INSTRUCTIONS TO FOLLOW: Transcribe the data verbatim and drop its images.

GIVEN MATERIAL:
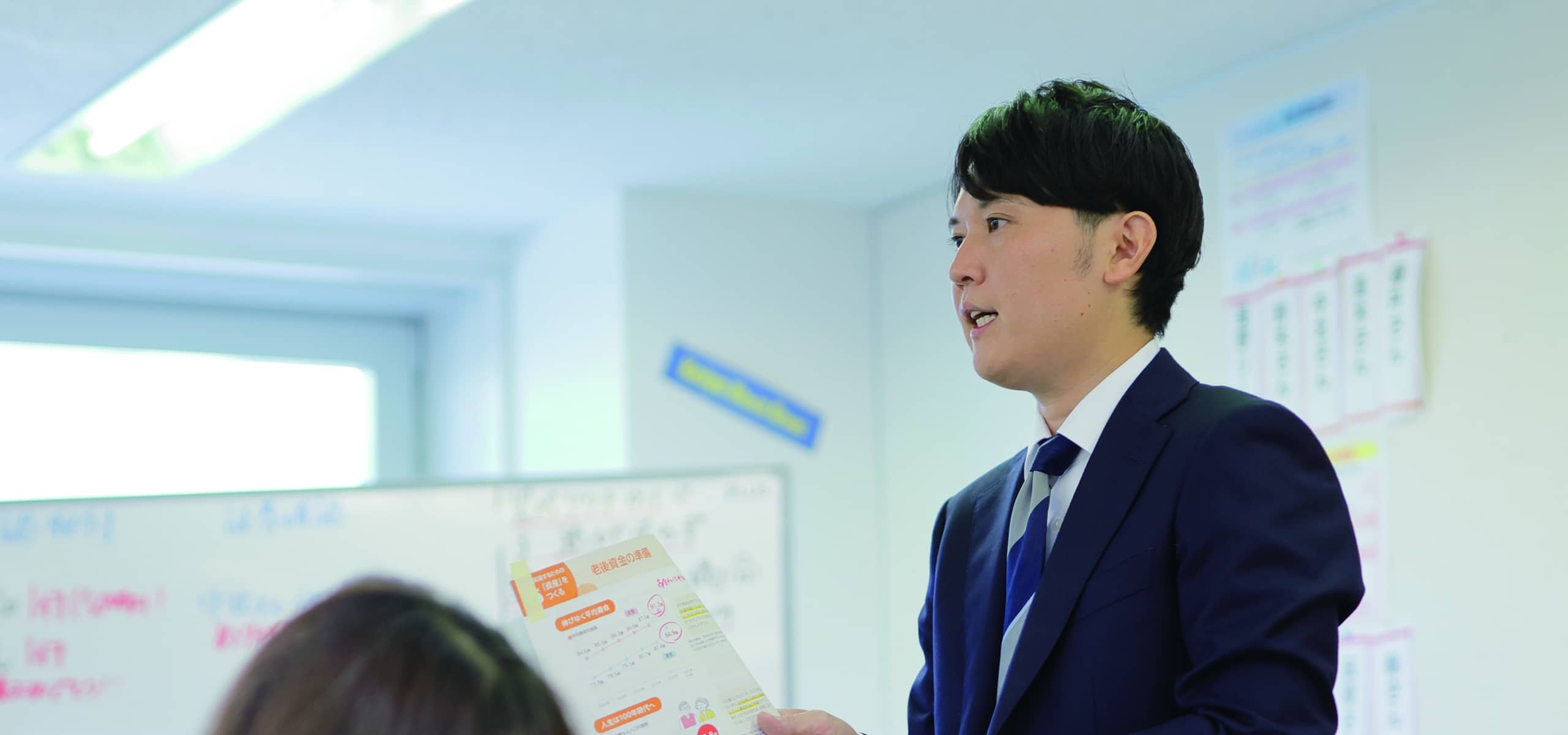船橋支社管轄の新浦安営業オフィスが抱えるお客さま数は約5,000名。そのお客さまを、オフィスに所属する20名の生涯設計デザイナーで担当する。オフィス長である前原は、生涯設計デザイナーの採用・育成や、市場分析、戦略立案をメインとしたオフィス経営業務を担う。育成に関わる立場として、オフィス内の誰よりも知識を保有しているべきだと前原は考える。
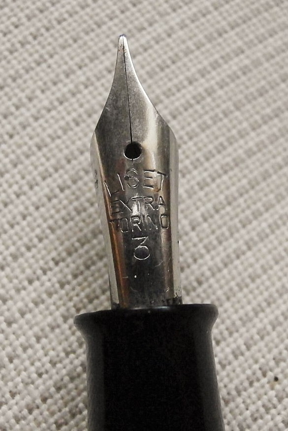 Foto di una penna Liset. Caricamento a pulsante di fondo. Realizzazione in celluloide striata marrone. Dettaglio del pennino. Modello ignoto, con fermaglio a rotellina. Contributo di Fabrizio Falchi, (utente forum fountainpen.it fab66).
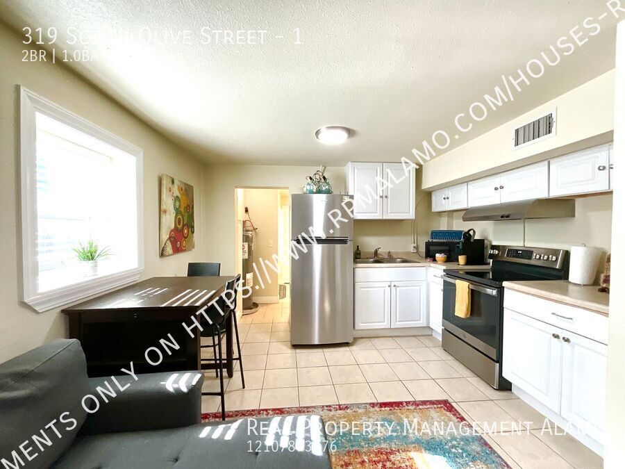 Nestled in the heart of San Antonio, 319 South Olive Street - Unit 2 offers a stylish and convenient living experience. This upstairs duplex unit features 2 bedrooms and 1 bathroom, providing a cozy and comfortable space for you. This unit has furnished and unfurnished options available to cater to your specific needs. The central air and heat system ensures you stay comfortable throughout the year, while the kitchen is equipped with stainless steel appliances, including a stove/oven, microwave, and refrigerator. The washer and dryer are conveniently located within the unit, making laundry a breeze. Situated near downtown San Antonio, this property puts you within easy reach of vibrant shopping, dining, and entertainment options. For more information, e-mail us at Thank you! We’re excited to walk you through this beautiful home! Contact us to schedule your private viewing. *Private Tours Only — No Self-Showings* Apply here: RPM Alamo is proud to offer deposit-free living to qualified renters through Obligo! We understand that moving costs can add up, so we want to extend financial flexibility to our residents. When you move in with us, you can skip paying a security deposit and keep the cash for activities you care about. Learn more about the benefits of deposit-free living with Obligo’s brochure or on their website. All Real Property Management Alamo residents are enrolled in the Resident Benefits Package of their choice Tier 1 $55 or Tier 2 $70 monthly which includes HVAC air filter delivery (for applicable properties), credit building to help boost your credit score with timely rent payments, $1M Identity Protection, utility concierge service making utility connection a breeze during your move-in, our best-in-class resident rewards program, and much more! More details upon application. ***The information contained in this advertisement is subject to change. The terms of any lease, should you execute a lease with RPM, are found solely in the Lease Agreement itself, along with any applicable addenda. Situations that may affect change include, but are not limited to an applicant's credit rating which may affect the required security deposit amount, and new information provided to us regarding a unit that we did not know at the time we placed this advertisement.*** $350 Pet Fee Non Refundable $50 Pet Rent 1 Bathroom 2 Bedrooms Central Air/Heat Duplex Fully Furnished Near Downtown Unfurnished Pricing Available. Upstairs Unit Washer/Dryer
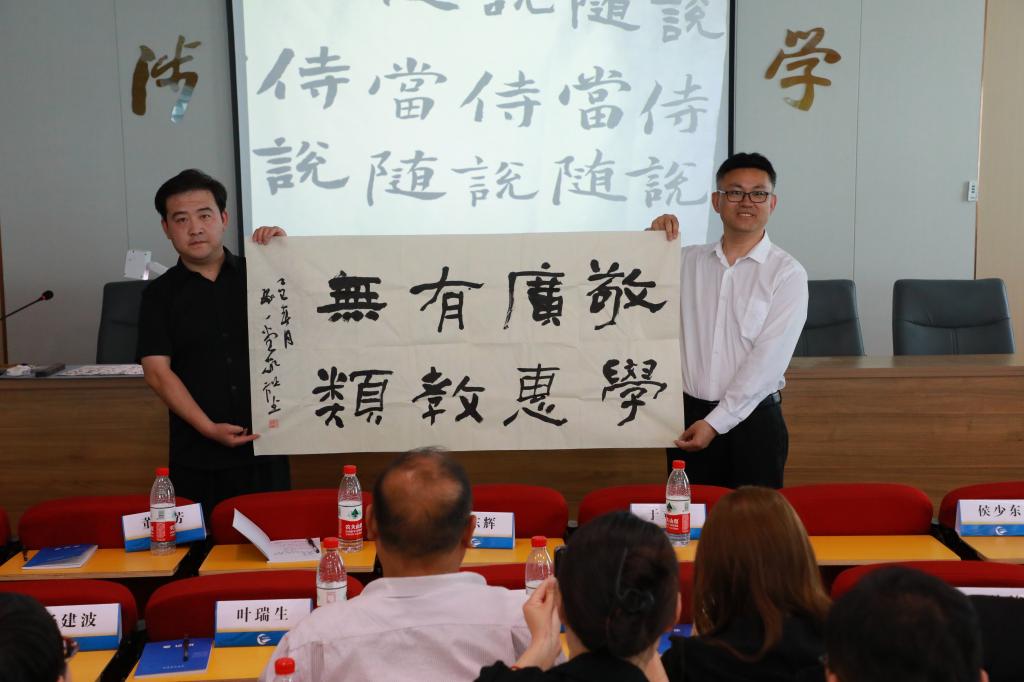 活動現場,涉縣教體局主管領導王喜生向王凱旋教授頒發“書法客座教授”聘書,正式聘請王教授為涉縣開放大學書法教育指導專家。

RESPONSE AREA:
船橋支社管轄の新浦安営業オフィスが抱えるお客さま数は約5,000名。そのお客さまを、オフィスに所属する20名の生涯設計デザイナーで担当する。オフィス長である前原は、生涯設計デザイナーの採用・育成や、市場分析、戦略立案をメインとしたオフィス経営業務を担う。育成に関わる立場として、オフィス内の誰よりも知識を保有しているべきだと前原は考える。
 Foto di una penna Liset. Caricamento a pulsante di fondo. Realizzazione in celluloide striata marrone. Dettaglio del pennino. Modello ignoto, con fermaglio a rotellina. Contributo di Fabrizio Falchi, (utente forum fountainpen.it fab66).
 Nestled in the heart of San Antonio, 319 South Olive Street - Unit 2 offers a stylish and convenient living experience. This upstairs duplex unit features 2 bedrooms and 1 bathroom, providing a cozy and comfortable space for you. This unit has furnished and unfurnished options available to cater to your specific needs. The central air and heat system ensures you stay comfortable throughout the year, while the kitchen is equipped with stainless steel appliances, including a stove/oven, microwave, and refrigerator. The washer and dryer are conveniently located within the unit, making laundry a breeze. Situated near downtown San Antonio, this property puts you within easy reach of vibrant shopping, dining, and entertainment options. For more information, e-mail us at Thank you! We’re excited to walk you through this beautiful home! Contact us to schedule your private viewing. *Private Tours Only — No Self-Showings* Apply here: RPM Alamo is proud to offer deposit-free living to qualified renters through Obligo! We understand that moving costs can add up, so we want to extend financial flexibility to our residents. When you move in with us, you can skip paying a security deposit and keep the cash for activities you care about. Learn more about the benefits of deposit-free living with Obligo’s brochure or on their website. All Real Property Management Alamo residents are enrolled in the Resident Benefits Package of their choice Tier 1 $55 or Tier 2 $70 monthly which includes HVAC air filter delivery (for applicable properties), credit building to help boost your credit score with timely rent payments, $1M Identity Protection, utility concierge service making utility connection a breeze during your move-in, our best-in-class resident rewards program, and much more! More details upon application. ***The information contained in this advertisement is subject to change. The terms of any lease, should you execute a lease with RPM, are found solely in the Lease Agreement itself, along with any applicable addenda. Situations that may affect change include, but are not limited to an applicant's credit rating which may affect the required security deposit amount, and new information provided to us regarding a unit that we did not know at the time we placed this advertisement.*** $350 Pet Fee Non Refundable $50 Pet Rent 1 Bathroom 2 Bedrooms Central Air/Heat Duplex Fully Furnished Near Downtown Unfurnished Pricing Available. Upstairs Unit Washer/Dryer
 活動現場,涉縣教體局主管領導王喜生向王凱旋教授頒發“書法客座教授”聘書,正式聘請王教授為涉縣開放大學書法教育指導專家。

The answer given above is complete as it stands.